Wednesday, January 26, 2011

First Entry January 26th-Concerning "Lines Written in Early Spring"


         When first delving into Lines Written in Early Spring, I immediately noted that the season early spring itself must be a beautiful time to write poetry about nature in the English countryside.   Wordsworth himself describes the scene where he actually wrote the poem, recalling, “It was a chosen resort of mine.  The brook fell down a sloping rock so as to make a waterfall considerable for that country, and across the pool below had fallen a tree…from which rose perpendicularly, boughs in search of the light intercepted by the deep shade above. The boughs bore leaves of green that for want of sunshine had faded into almost lily-white”( The Complete Poetical Works of Wordsworth, Cambridge Edition, 1904). I actually retrieved this quotation from the website: http://bestword.ca/William_Wordsworth_Lines_Written_in_Early_Spring_Analysis.html
            This scene is so overwhelmingly beautiful that it inspires Wordsworth to write a poem about it. I believe he was inspired by the colors, smells, and sounds he sensed around the lily-white leaves and reaching boughs of the fallen tree. As cheerful as this scene may seem, it is also the same place where Wordsworth evokes his pensive side. His heart becomes grieved as he develops, “that sweet mood when pleasant thoughts bring sad thoughts to the mind”(Lyrical Ballads 2003, pg. 72). Perhaps what triggered this mood was the irony that the tree had to die in order for its true living beauty to develop. The boughs earn their unique shape by ‘searching’ for the unreachable light above, and the leaves reveal their flower-like beauty only after fading from lack of sunshine.

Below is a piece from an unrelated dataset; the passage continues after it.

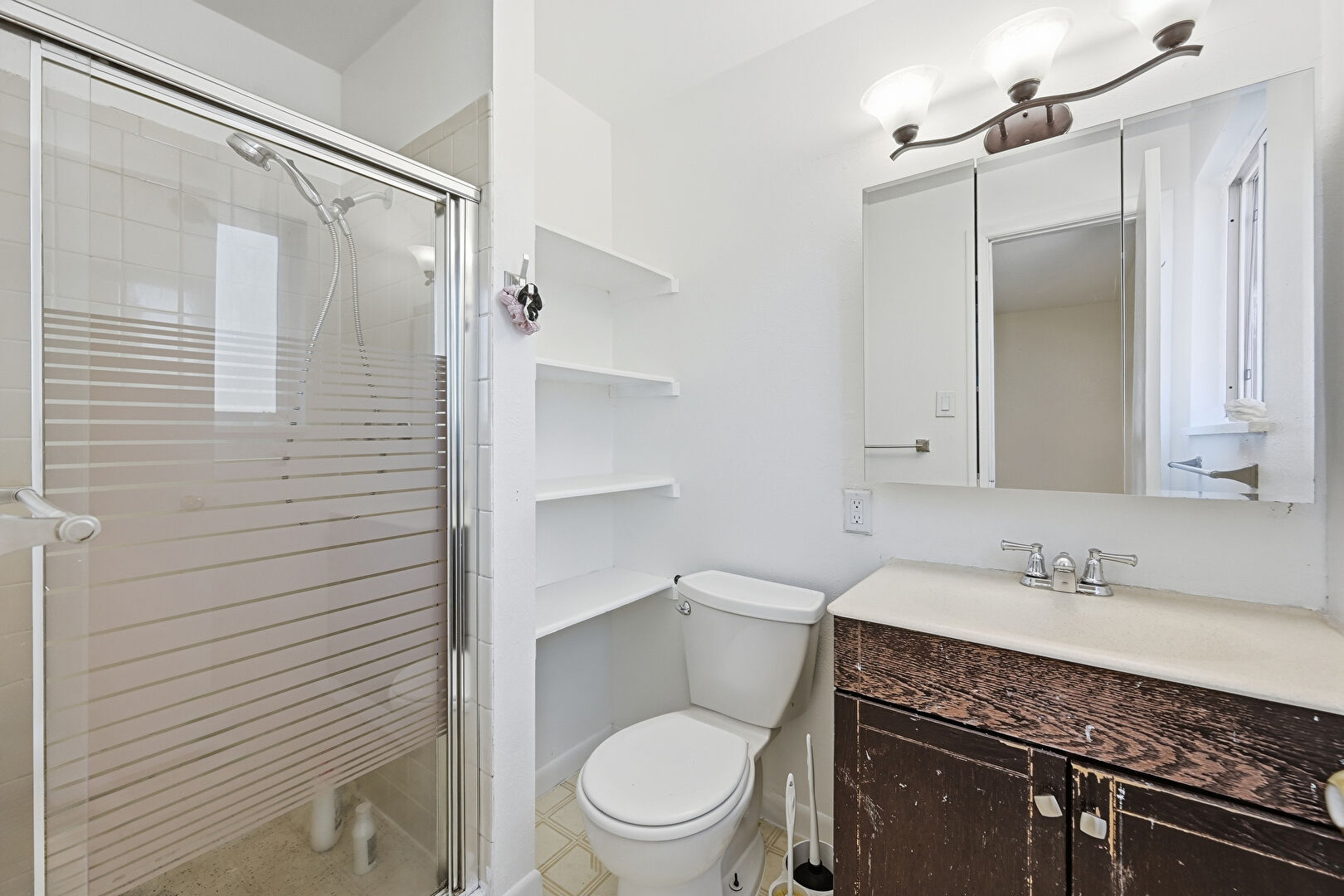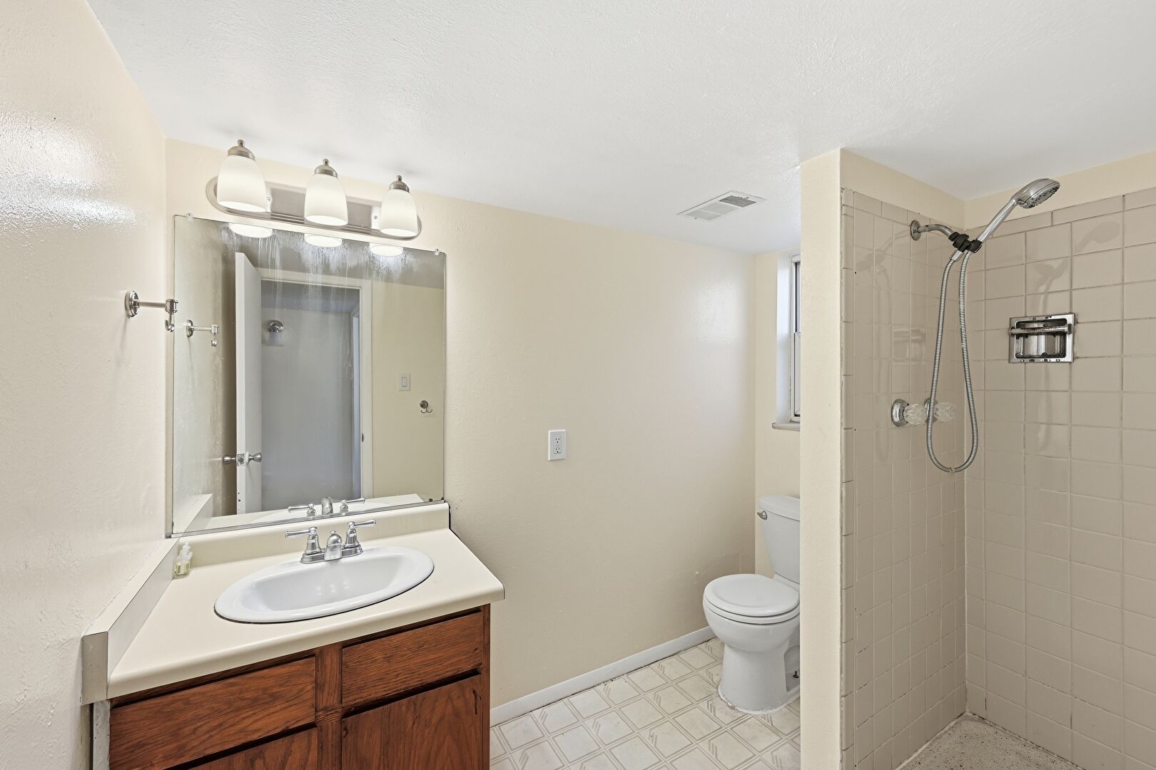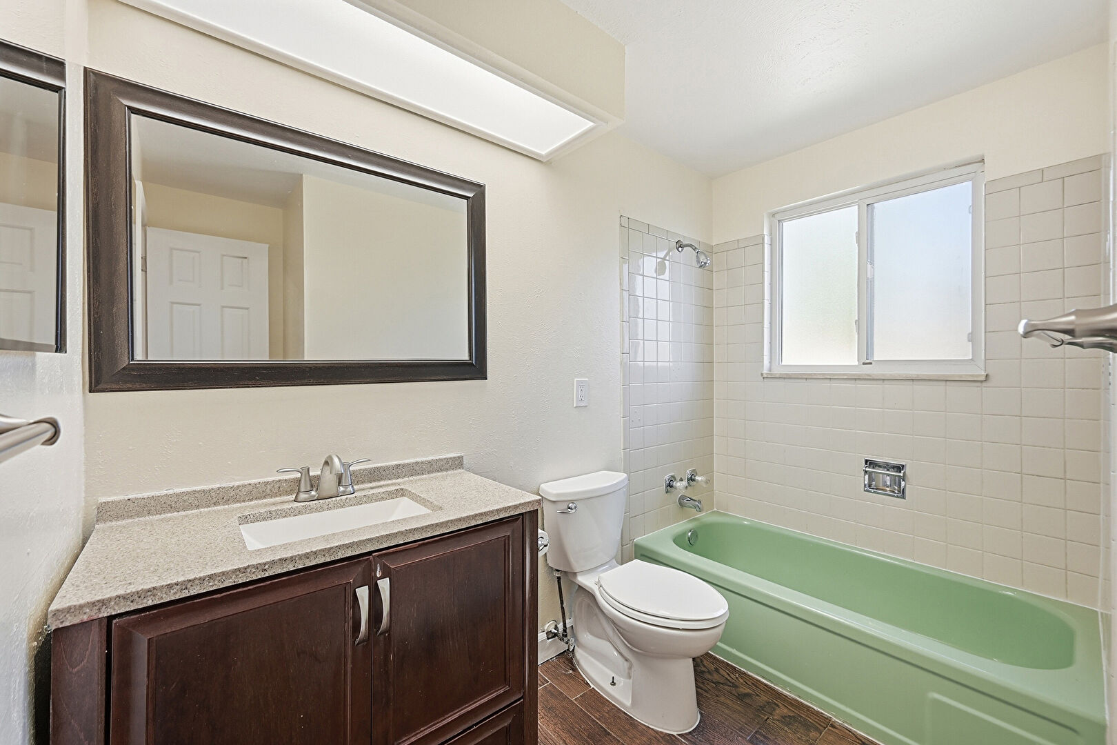 Combined Bath Shower, Drywall, Full Bathroom, Natural Light, Vanity, Vent, Vinyl Floor, Wood Finish Floor, Baseboards Wall, Vanity

            The sad conclusion that Wordsworth eventually comes to is that what man has made of himself as a whole is woeful in comparison to what nature has made of itself. Nature, even in death, has a certain process, normality, and beauty to it. Wordsworth writes, “birds around me hopp’d and play’d: Their thoughts I cannot measure, But the least motion which they made, It seem’d a thrill of pleasure”(Lyrical Ballads 2003, pg. 72). All around him in the grove, nature reveals its unbound and overpowering beauty. The thrill of pleasure that these birds exude translate to Wordsworth’s “spontaneous overflow of powerful feelings” that we now read as his poetry (Lyrical Ballads 2003, pg. 407).